The Times looks at the generation behind the recent Lhasa riots and their discontent:
Beijing has poured billions of dollars into the region over the past three decades to try to develop one of its most backward – and strategically important – corners. The economy has grown at more than 12 per cent for seven years and hit 14 per cent last year – higher even than the national rate. Incomes too have risen: up 13 per cent in 2007 for Tibet’s many nomads and farmers and a stunning 24.5 per cent for urban residents.
But there are those who feel left out. Young Tibetans who speak poor Mandarin – the official language of China and crucial to finding a job. Others are accustomed to a more rural way of life and their education, like others in China’s vast countryside, leaves them ill-equipped for the rough and tumble of a market economy…
Many Tibetans chafe under the restrictions imposed two years ago by the regional party boss that ban Tibetan Government servants from religious activities. Others are keenly aware that scarcely a single Chinese official in the regional government can speak Tibetan. That ethnocentric Han approach only intensifies the ethnic divide and cultural misunderstandings. No ethnic Tibetan has ever held the job of Communist Party boss – a potent signal of Beijing’s lack of trust in this deeply Buddhist people who still revere the Dalai Lama.

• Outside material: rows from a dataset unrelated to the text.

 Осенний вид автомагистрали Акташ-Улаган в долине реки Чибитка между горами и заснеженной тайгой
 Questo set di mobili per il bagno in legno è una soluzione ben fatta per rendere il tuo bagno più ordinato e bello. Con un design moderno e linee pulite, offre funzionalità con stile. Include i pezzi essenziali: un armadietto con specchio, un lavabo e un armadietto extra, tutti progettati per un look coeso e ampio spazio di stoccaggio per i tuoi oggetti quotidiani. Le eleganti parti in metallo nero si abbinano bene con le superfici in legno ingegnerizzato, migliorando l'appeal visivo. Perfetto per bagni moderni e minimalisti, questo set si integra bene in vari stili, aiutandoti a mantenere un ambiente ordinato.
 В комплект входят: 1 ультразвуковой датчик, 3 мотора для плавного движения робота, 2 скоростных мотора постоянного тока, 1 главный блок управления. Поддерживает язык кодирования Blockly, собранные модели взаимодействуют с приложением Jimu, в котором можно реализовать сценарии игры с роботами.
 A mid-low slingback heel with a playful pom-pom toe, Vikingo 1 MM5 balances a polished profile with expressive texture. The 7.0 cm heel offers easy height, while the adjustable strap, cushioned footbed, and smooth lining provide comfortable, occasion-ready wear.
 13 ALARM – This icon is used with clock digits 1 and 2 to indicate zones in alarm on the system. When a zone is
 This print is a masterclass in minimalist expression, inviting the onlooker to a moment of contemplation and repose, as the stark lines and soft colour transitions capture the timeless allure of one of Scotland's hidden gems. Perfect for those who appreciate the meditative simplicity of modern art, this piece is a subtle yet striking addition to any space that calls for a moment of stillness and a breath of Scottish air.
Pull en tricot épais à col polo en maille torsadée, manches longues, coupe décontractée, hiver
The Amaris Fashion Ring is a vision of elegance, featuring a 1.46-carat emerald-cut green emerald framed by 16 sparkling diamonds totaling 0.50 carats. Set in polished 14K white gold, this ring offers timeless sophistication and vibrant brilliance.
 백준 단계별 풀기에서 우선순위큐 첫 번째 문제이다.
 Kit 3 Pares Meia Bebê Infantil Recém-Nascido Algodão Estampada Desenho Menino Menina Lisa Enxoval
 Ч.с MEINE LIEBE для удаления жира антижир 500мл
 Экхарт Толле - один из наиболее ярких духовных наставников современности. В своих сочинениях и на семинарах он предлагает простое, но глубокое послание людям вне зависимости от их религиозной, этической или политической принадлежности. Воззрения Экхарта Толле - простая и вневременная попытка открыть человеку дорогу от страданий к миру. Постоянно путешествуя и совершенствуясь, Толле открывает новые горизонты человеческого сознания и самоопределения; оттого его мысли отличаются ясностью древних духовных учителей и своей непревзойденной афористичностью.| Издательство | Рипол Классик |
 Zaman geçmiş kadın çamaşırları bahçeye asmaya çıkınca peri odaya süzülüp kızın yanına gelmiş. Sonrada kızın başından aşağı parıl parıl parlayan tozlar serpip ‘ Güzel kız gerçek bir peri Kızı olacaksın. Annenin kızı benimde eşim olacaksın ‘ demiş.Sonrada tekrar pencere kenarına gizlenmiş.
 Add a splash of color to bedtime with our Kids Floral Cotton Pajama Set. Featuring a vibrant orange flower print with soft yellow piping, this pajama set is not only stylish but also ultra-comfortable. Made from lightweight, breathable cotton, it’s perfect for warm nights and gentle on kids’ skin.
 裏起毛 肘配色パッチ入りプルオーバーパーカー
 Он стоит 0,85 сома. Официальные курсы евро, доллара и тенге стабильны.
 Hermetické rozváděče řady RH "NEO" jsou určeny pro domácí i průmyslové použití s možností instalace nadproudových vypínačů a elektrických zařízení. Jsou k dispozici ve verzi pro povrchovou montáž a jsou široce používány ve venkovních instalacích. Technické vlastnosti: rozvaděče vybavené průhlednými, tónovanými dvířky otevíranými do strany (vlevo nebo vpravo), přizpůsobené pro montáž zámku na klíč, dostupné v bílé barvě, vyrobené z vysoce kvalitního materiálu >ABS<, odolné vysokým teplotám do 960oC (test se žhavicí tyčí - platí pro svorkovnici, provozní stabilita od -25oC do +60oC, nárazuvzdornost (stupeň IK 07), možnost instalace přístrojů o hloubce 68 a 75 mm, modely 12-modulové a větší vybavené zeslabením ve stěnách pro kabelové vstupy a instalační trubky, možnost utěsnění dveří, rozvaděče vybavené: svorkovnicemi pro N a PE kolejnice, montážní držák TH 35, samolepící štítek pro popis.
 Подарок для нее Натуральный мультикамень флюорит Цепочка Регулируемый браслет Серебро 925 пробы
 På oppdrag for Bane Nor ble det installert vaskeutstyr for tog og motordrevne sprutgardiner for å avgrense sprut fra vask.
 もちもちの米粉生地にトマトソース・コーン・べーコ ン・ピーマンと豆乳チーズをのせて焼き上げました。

Meanwhile, the Washington Post reports that “Protests May Only Harden Chinese Line.” The New York Times looks at the police failures that allowed the riots to get so violent so fast:
What happened? Analysts wonder if the authorities, possibly fearing the public relations ramifications of a confrontation before the Beijing Olympics in August, told the police to avoid engaging protesters without high-level approval.
Timing also may have contributed to indecision; Tibet’s hard-line Communist Party boss, Zhang Qingli, and other top officials were attending the National People’s Congress in Beijing when the violence erupted.
The full explanation could take years to emerge from China’s secretive Communist Party hierarchy. But the Lhasa unrest, not entirely unlike the Tiananmen Square pro-democracy protests of 1989, may be remembered as much for poor police work — faulty crowd control and political indecision followed by a large-scale response — as for the underlying grievances of protesters.